(Beginning of Recorded data)
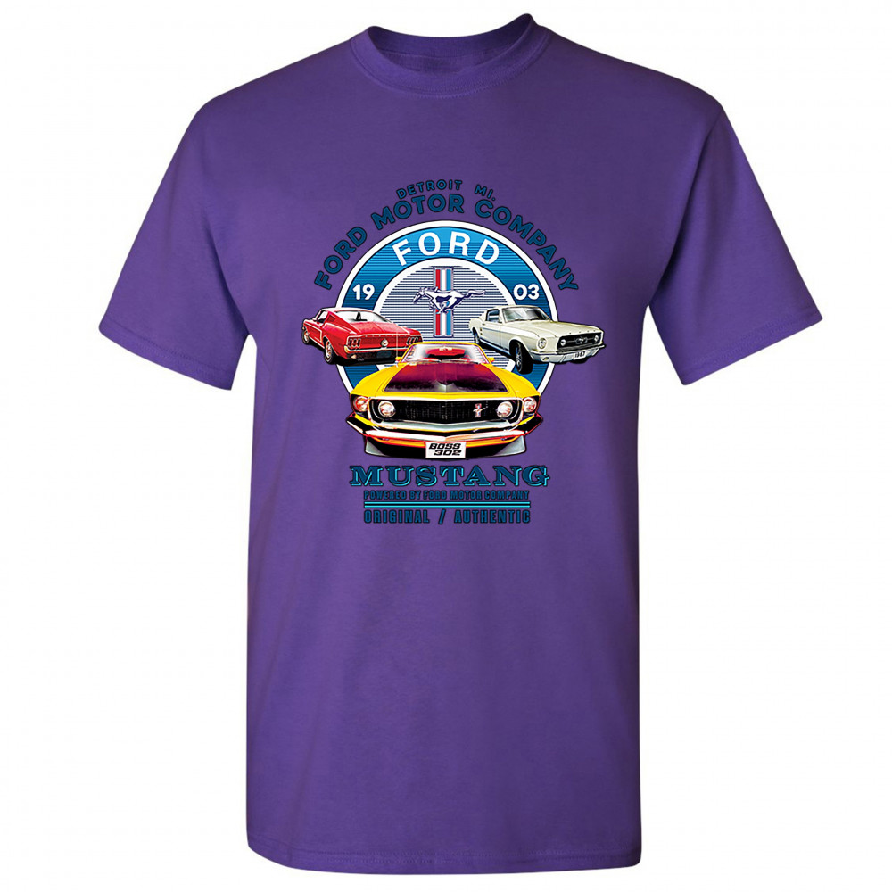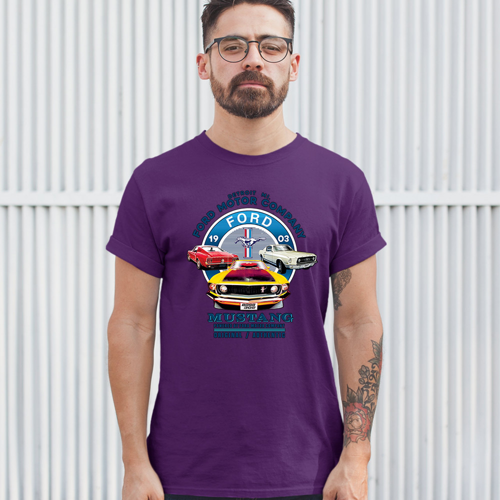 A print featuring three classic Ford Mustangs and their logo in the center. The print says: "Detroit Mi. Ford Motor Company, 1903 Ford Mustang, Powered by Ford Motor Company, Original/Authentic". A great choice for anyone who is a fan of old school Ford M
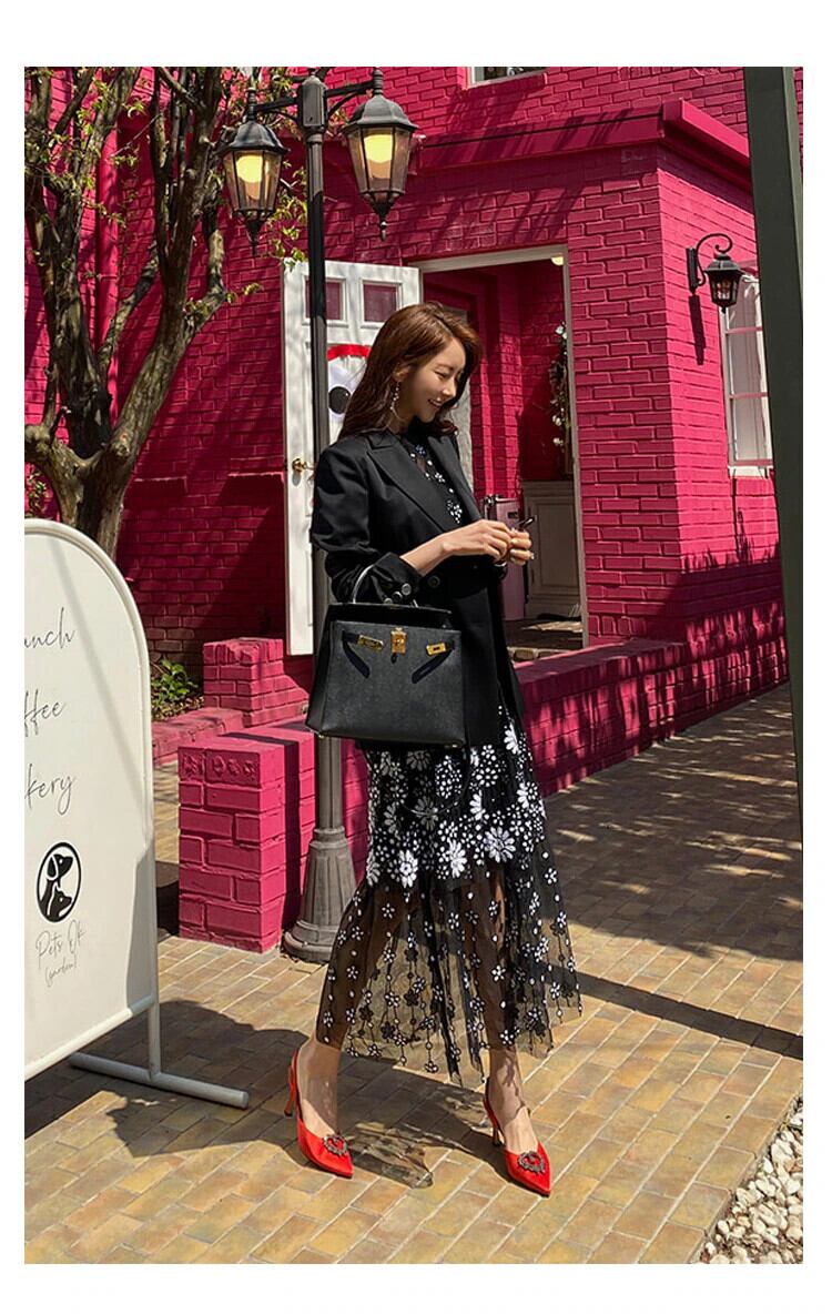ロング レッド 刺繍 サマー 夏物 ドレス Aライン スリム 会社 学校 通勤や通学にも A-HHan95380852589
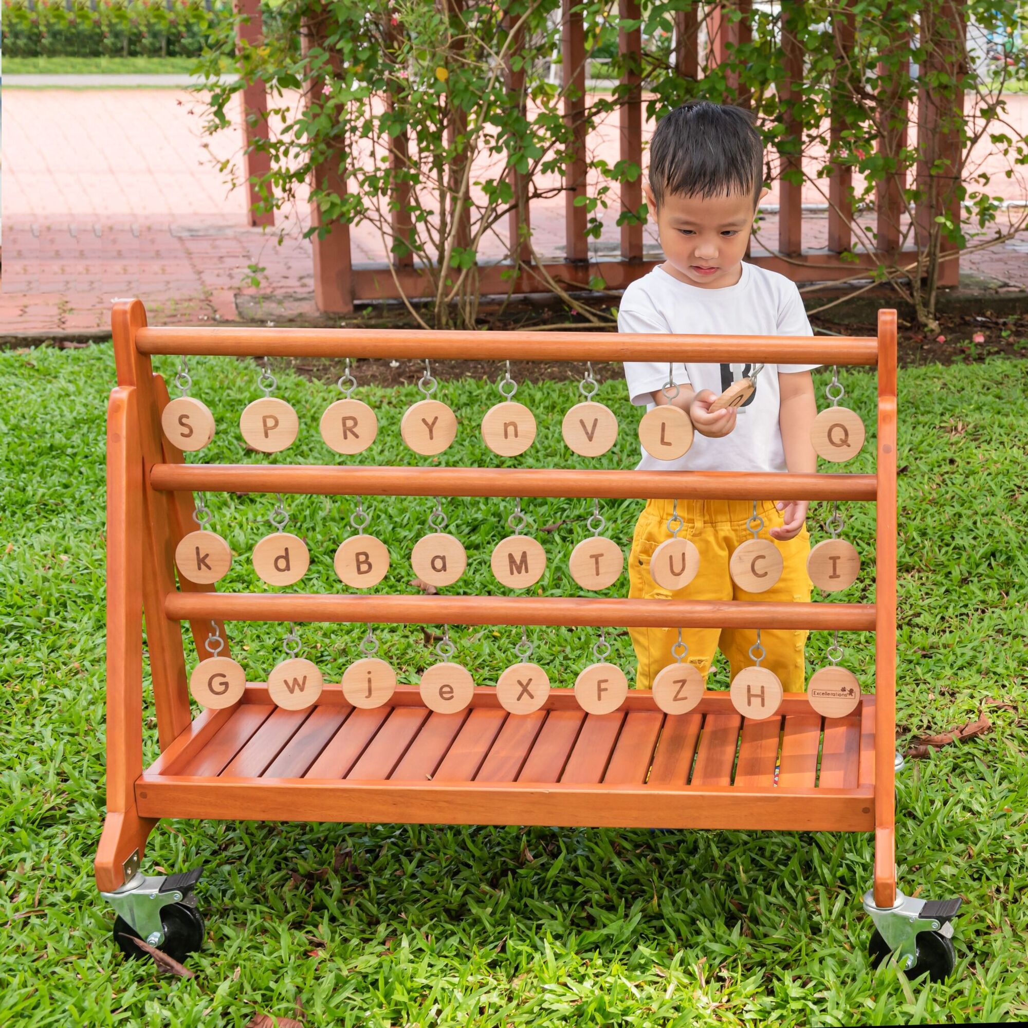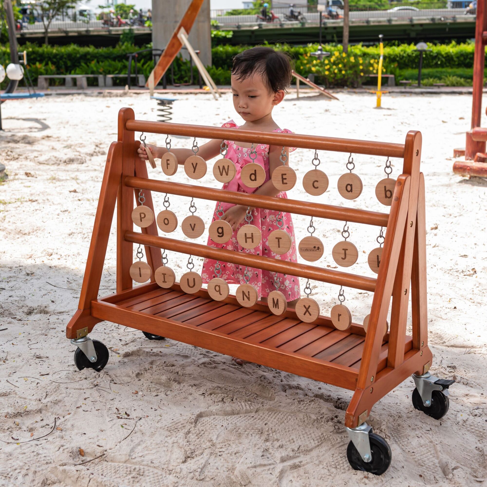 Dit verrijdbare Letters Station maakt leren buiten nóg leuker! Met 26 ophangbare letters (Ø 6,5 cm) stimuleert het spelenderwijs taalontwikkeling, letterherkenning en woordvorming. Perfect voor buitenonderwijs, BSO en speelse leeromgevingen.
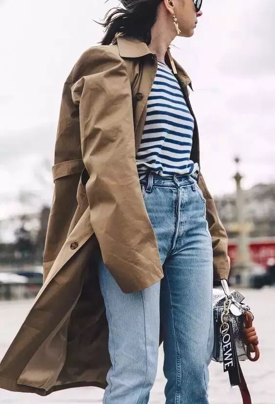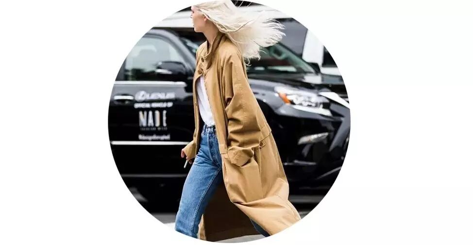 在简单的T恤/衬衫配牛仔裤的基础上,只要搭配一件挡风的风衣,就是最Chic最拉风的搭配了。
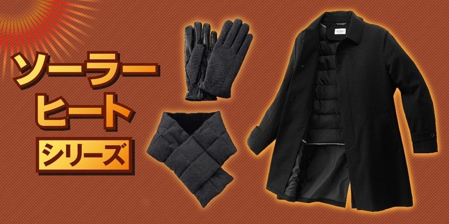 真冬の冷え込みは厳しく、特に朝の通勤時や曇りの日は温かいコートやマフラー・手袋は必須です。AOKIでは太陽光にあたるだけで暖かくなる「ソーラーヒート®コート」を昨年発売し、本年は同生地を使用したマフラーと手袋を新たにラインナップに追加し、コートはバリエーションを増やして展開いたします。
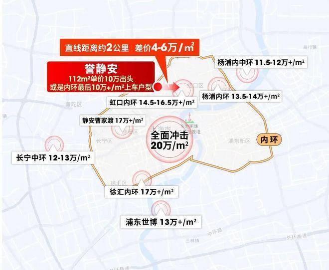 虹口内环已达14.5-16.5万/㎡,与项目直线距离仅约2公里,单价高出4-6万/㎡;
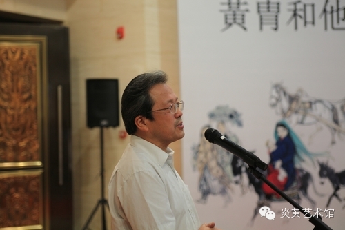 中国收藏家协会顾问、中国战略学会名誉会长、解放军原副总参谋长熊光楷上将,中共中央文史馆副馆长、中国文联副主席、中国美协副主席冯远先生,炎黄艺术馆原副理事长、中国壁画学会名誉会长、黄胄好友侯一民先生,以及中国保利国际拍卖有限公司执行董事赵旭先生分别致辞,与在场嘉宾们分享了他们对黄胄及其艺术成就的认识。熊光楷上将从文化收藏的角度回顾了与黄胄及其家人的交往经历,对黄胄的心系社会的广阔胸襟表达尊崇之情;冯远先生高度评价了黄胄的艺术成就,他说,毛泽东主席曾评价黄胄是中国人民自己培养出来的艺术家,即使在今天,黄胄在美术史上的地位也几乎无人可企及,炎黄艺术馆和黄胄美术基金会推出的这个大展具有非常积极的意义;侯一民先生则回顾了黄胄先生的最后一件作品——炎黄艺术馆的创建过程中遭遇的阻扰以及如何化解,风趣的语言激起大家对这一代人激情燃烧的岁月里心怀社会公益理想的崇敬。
(End of Recorded data)
» Work order
Each record above should be duplicated word for word, with no pictures included.

» Answer for the task
 A print featuring three classic Ford Mustangs and their logo in the center. The print says: "Detroit Mi. Ford Motor Company, 1903 Ford Mustang, Powered by Ford Motor Company, Original/Authentic". A great choice for anyone who is a fan of old school Ford M
ロング レッド 刺繍 サマー 夏物 ドレス Aライン スリム 会社 学校 通勤や通学にも A-HHan95380852589
 Dit verrijdbare Letters Station maakt leren buiten nóg leuker! Met 26 ophangbare letters (Ø 6,5 cm) stimuleert het spelenderwijs taalontwikkeling, letterherkenning en woordvorming. Perfect voor buitenonderwijs, BSO en speelse leeromgevingen.
 在简单的T恤/衬衫配牛仔裤的基础上,只要搭配一件挡风的风衣,就是最Chic最拉风的搭配了。
 真冬の冷え込みは厳しく、特に朝の通勤時や曇りの日は温かいコートやマフラー・手袋は必須です。AOKIでは太陽光にあたるだけで暖かくなる「ソーラーヒート®コート」を昨年発売し、本年は同生地を使用したマフラーと手袋を新たにラインナップに追加し、コートはバリエーションを増やして展開いたします。
 虹口内环已达14.5-16.5万/㎡,与项目直线距离仅约2公里,单价高出4-6万/㎡;
 中国收藏家协会顾问、中国战略学会名誉会长、解放军原副总参谋长熊光楷上将,中共中央文史馆副馆长、中国文联副主席、中国美协副主席冯远先生,炎黄艺术馆原副理事长、中国壁画学会名誉会长、黄胄好友侯一民先生,以及中国保利国际拍卖有限公司执行董事赵旭先生分别致辞,与在场嘉宾们分享了他们对黄胄及其艺术成就的认识。熊光楷上将从文化收藏的角度回顾了与黄胄及其家人的交往经历,对黄胄的心系社会的广阔胸襟表达尊崇之情;冯远先生高度评价了黄胄的艺术成就,他说,毛泽东主席曾评价黄胄是中国人民自己培养出来的艺术家,即使在今天,黄胄在美术史上的地位也几乎无人可企及,炎黄艺术馆和黄胄美术基金会推出的这个大展具有非常积极的意义;侯一民先生则回顾了黄胄先生的最后一件作品——炎黄艺术馆的创建过程中遭遇的阻扰以及如何化解,风趣的语言激起大家对这一代人激情燃烧的岁月里心怀社会公益理想的崇敬。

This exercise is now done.